Dataset excerpts =>
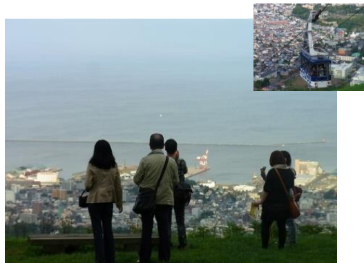
●ラストは天狗山山頂より防波堤を見る
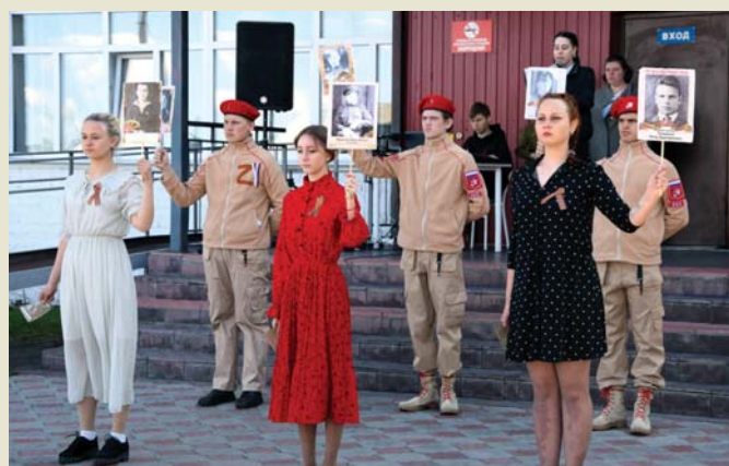
День Победы – праздник всех поколений

Материалы полосы подготовлены Медиа-центром АТпромИС
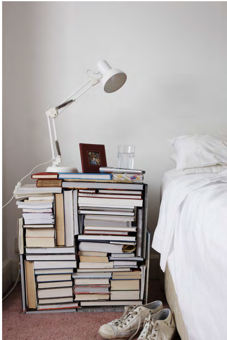
Bókanáttborð fyrir þá sem ekki geta ákveðið hvað þeir eru að lesa.

» Ef það er áhugi á að nýta lök, gardínur, sokkabuxur eða bara slitin uppáhaldsföt er kjörið að grípa heklunálina og ráðast til atlögu.

Exercise details => Copy each line of the records above exactly as written. Do not carry over any picture.

Response to this task =>
●ラストは天狗山山頂より防波堤を見る
День Победы – праздник всех поколений

Материалы полосы подготовлены Медиа-центром АТпромИС
Bókanáttborð fyrir þá sem ekki geta ákveðið hvað þeir eru að lesa.

» Ef það er áhugi á að nýta lök, gardínur, sokkabuxur eða bara slitin uppáhaldsföt er kjörið að grípa heklunálina og ráðast til atlögu.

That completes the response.